На звуки скандала объявился менеджер. Как оказалось, менеджером была миниатюрная афроамериканка, которая, казалось, была напугана свирепостью этой новоиспеченной антирасистки, антикастеистки, женщины из высшей касты, испытавшей ярость от непривычного унижения. Менеджер рассыпалась в извинениях, но моей подруге они были без надобности.
Она выбежала из ресторана, и я за ней. Ей потребовалось некоторое время, чтобы успокоиться.
Часть меня хотела сказать ей: «Представь, что ты проходишь через что-то подобное почти каждый день, не зная, когда и как это может произойти. ТЫ бы так долго не протянула. Мы не можем позволить себе взрываться каждый раз, когда нами пренебрегают и игнорируют. Мы встаем, когда нам нужно, но мы должны найти способ не уходить каждый раз и дожить до следующего дня»

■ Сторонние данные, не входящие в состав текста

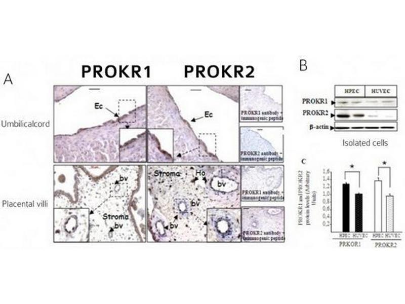 : "Placental expression of EG-VEGF and its receptors PKR1 (prokineticin receptor-1) and PKR2 throughout mouse gestation." in: Placenta, Vol. 28, Issue 10, pp. 1049-58, (2007) (PubMed).
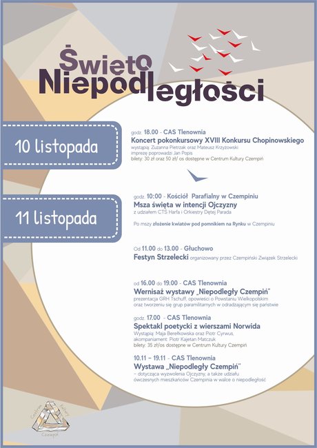 11 listopada o godz. 10 w czempińskim kościele odprawiona zostanie msza za Ojczyznę z udziałem chóru Harfa i Orkiestry Dętej Parada. Po jej zakończeniu odbędzie się uroczystość na Rynku. W godz. 11 – 13 w Głuchowie trwać będzie Festyn Strzelecki przygotowany przez Czempiński Związek Strzelecki. Na godz. 16 zaplanowano wernisaż wystawy „Niepodległy Czempiń” w Izbie Muzealnej w „Tlenowni” „ Na godz. 17 Centrum Kultury zaprasza na spektakl „Norwid”. W „Tlenowni” wystąpią: Maja Barełkowska, Piotr Cyrwus i Piotr Kajetan Matczuk. Podzielą się ze słuchaczami pięknem i mistrzostwem frazy poety. Bilety na to wydarzenie w cenie 30 złotych dostępne są w Centrum Kultury.
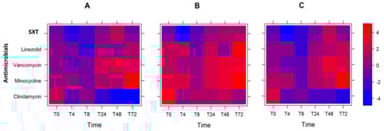 However, when we changed the weight assignments, and lukSF-PV was not weighted as the most significant gene (Table 2, weight = 0.0 (for lukSF-PV), 0.5, 0.33, 0.17), we observed that the optimum course of antibiotics changed. Here, SXT was the optimum antibiotic from T0 to T24, then linezolid at T48, and clindamycin at T72 for reducing gene expression (Table 2 and Figure 2B). Furthermore, when all the virulence genes were given equal weight (0.25, 0.25, 0.25, 0.25), SXT remained the preferred antibiotic at T0 and T4, followed by linezolid at T8, and clindamycin at T24–T72 (Figure 2C and Table 2). In two of the three scenarios, order of effectiveness of all antibiotics remained the same: SXT, followed by linezolid, and then clindamycin. In addition, we note that the overall log2 fold-change of the weighted gene expression levels were increased for all antibiotics, and at most time-points, when lukSF-PV was unweighted and sel and sek genes were given the highest weight (intense red color; Figure 2B) compared to when lukSF-PV was weighted highest (Figure 2A) or all genes were weighted equally (Figure 2C). One explanation for this observation is that the reduction of lukSF-PV expression is very important to overall reduction of the virulence gene expression levels, which could contribute to the selection of antibiotic use for the USA300 strain.
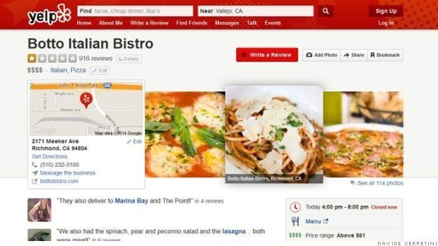 Dua tahun lalu, Davide Cerretini dan Michele Massimo membeli beberapa ruang iklan di situs ulasan restoran Yelp! untuk mempromosikan restoran Italia mereka, Botto Bistro. Menurut keduanya, mereka menyerah setelah ditelepon terus-menerus oleh staf penjualan iklan situs tersebut.
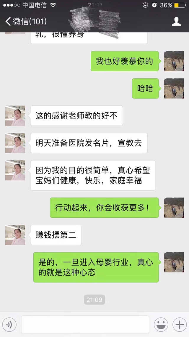 胡老師也說,其實很多學(xué)員技術(shù)很好,但是放不開,不懂營銷,連名片都不愿意發(fā)。其實催乳師不僅僅是賺錢,還能把科學(xué)的母乳喂養(yǎng)方式教給各位寶媽們,正如張姐姐所說:“我的目的很簡單,真心希望寶媽們健康,快樂,家庭幸福。”
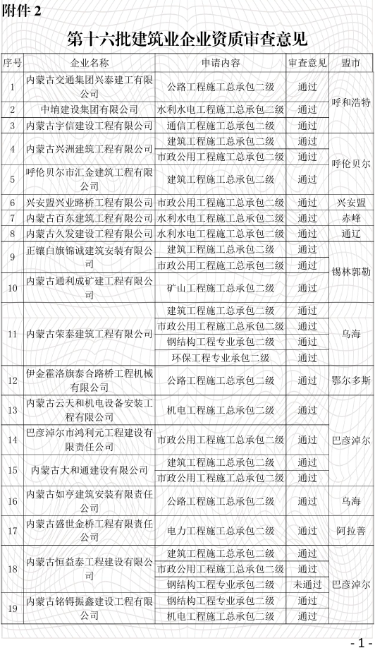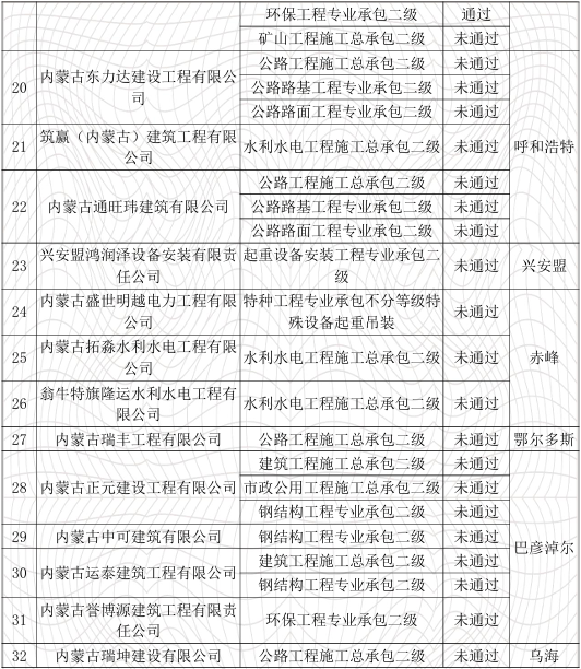按照《中华人民共和国行政许可法》及有关住建领域企业资质管理规定,我厅对2025年度第十六批行政审批事项申报材料进行了审查,现将1家勘察设计企业、32家建筑业企业、2家建设工程监理企业、53家建筑施工企业安全生产许可证审查意见予以公示(见附件),公示期截止2025年5月22日17时30分;将3家建设工程质量检测机构审查意见予以公示(见附件),公示期截止2025年5月29日17时30分。对所公示意见有异议或有问题的,可以提出申辩,审查意见为未通过的企业可从行政审批系统里查看具体意见。
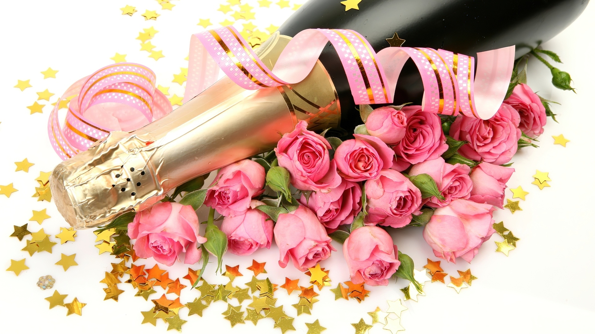 Edytor tapety: Różowe, Róże, Butelka, Szampana
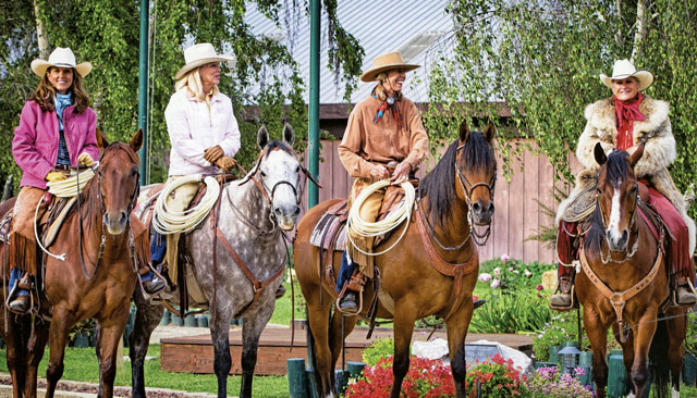 Audrey’s book club girls (they read and ride) left to right: Lisa Thompson, Kristin Reynolds, Sheila Varian, and Audrey Griffin at Sheila’s Ranch in Arroyo Grande – Kathryn Burke
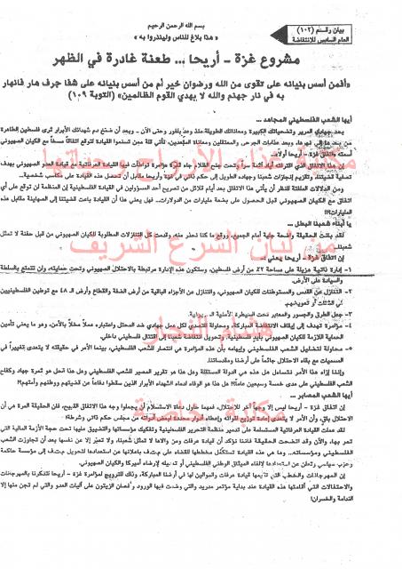 بيانات حركة المقاومة الأسلامية حماس - بيان رقم - 102
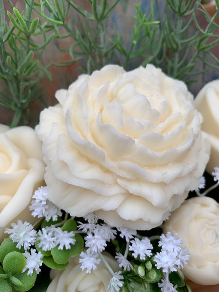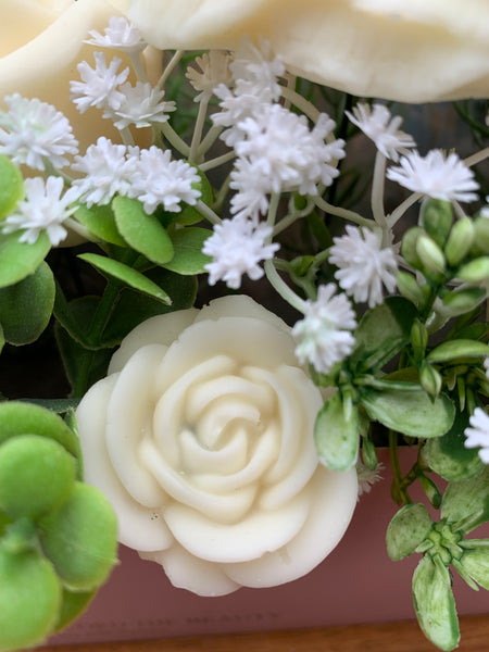 Beautiful flower bouquet presented in a gift box envelope. Contains various wax flowers in the fragrance of Petal and Strawberries, which is part of the clean fragrance rage. Comes in cellophane wrapping and ribbon trim
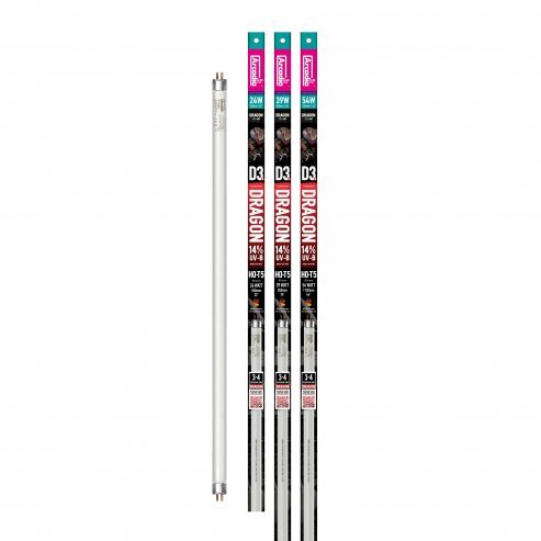 Světová premiéra jedinečného produktu,který je první svého druhu vůbec. Zářivka HQ T5 s obsahem UVB 14% ,30% UVA.DragonLamp poskytuje neskutečné množstvísvětla (2× více luxů než běžné zářivky T5 typu Desert), optimálnívýdej UVB záření pro pouštní druhy plazů, má teplotu barev 8.000K aindex CRI...
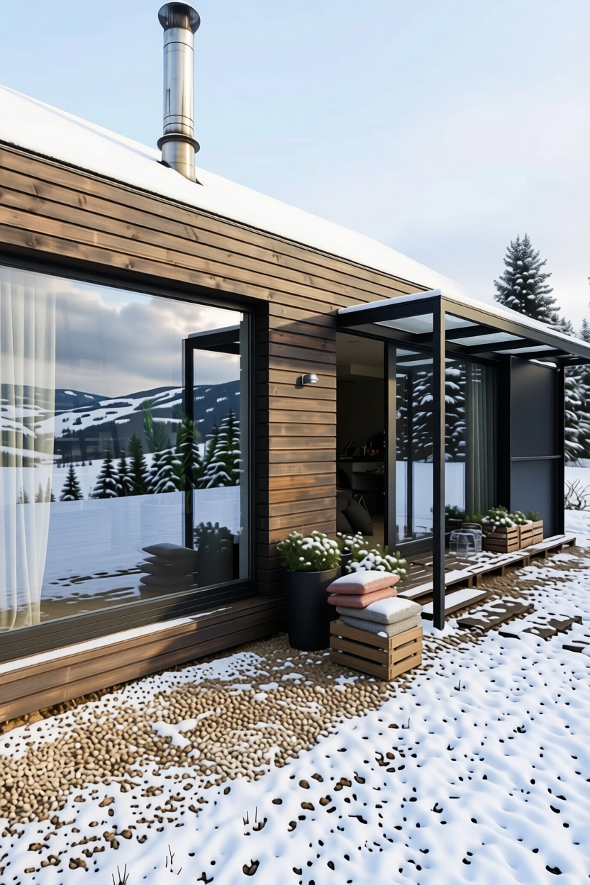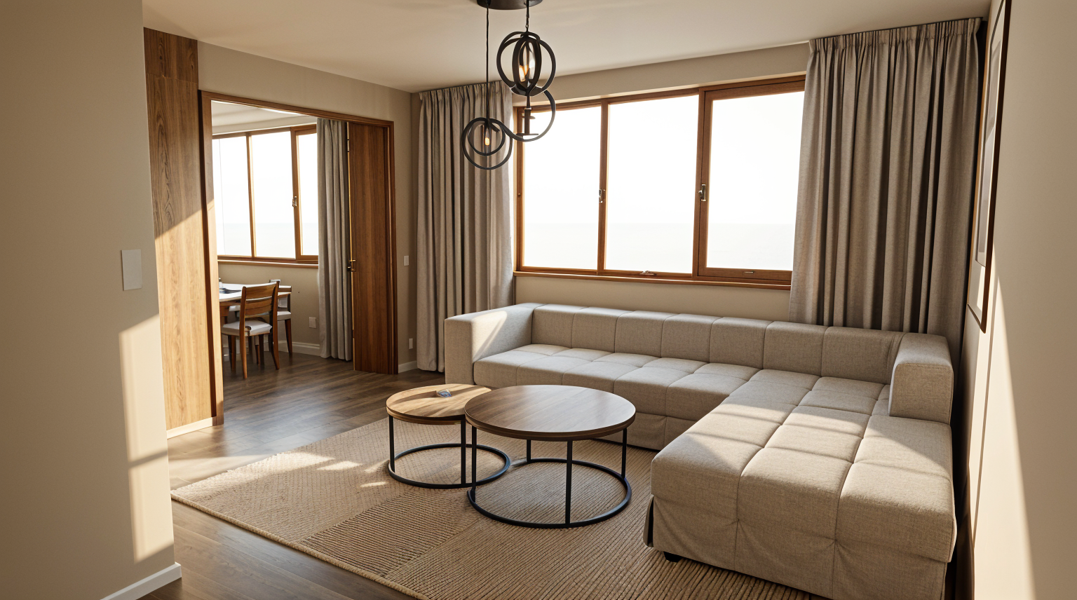 a modern luxurious kitchen with a serene and sophisticated atmosphere the room features sleek grey oak cabinetry with flutted travertine curved cabinets and a large island centerpiece made natural traavertine romano the walls are clad in a soft cashmere hue with panelling complementing the cabinetry appliances are seamlessly integrated adding a touch of contrast overhead lighting is warm and ambient creating a cozy yet refined ambiance the flooring is parquet enhancing the airy feel of the space sparse greenery adds a hint of freshness while maintaining the minimalistic and clean design outdoor light from the right hand side window view is of luxury villa style

Часть меня возмущалась тем, что она могла позволить себе роскошь прийти в ярость и без последствий уйти после этого, хотя меня в таком случае обязательно бы ждали проблемы. Это тоже привилегия касты – уйти из ресторана так, как это сделала она. Это был показатель разного отношения к нам – она смогла прожить более сорока лет и не испытать того, с чем ежедневно сталкивается человек, рожденный в подчиненной касте, подобное отношение было так чуждо ей, так выбило ее из колеи, что она буквально взорвалась от возмущения.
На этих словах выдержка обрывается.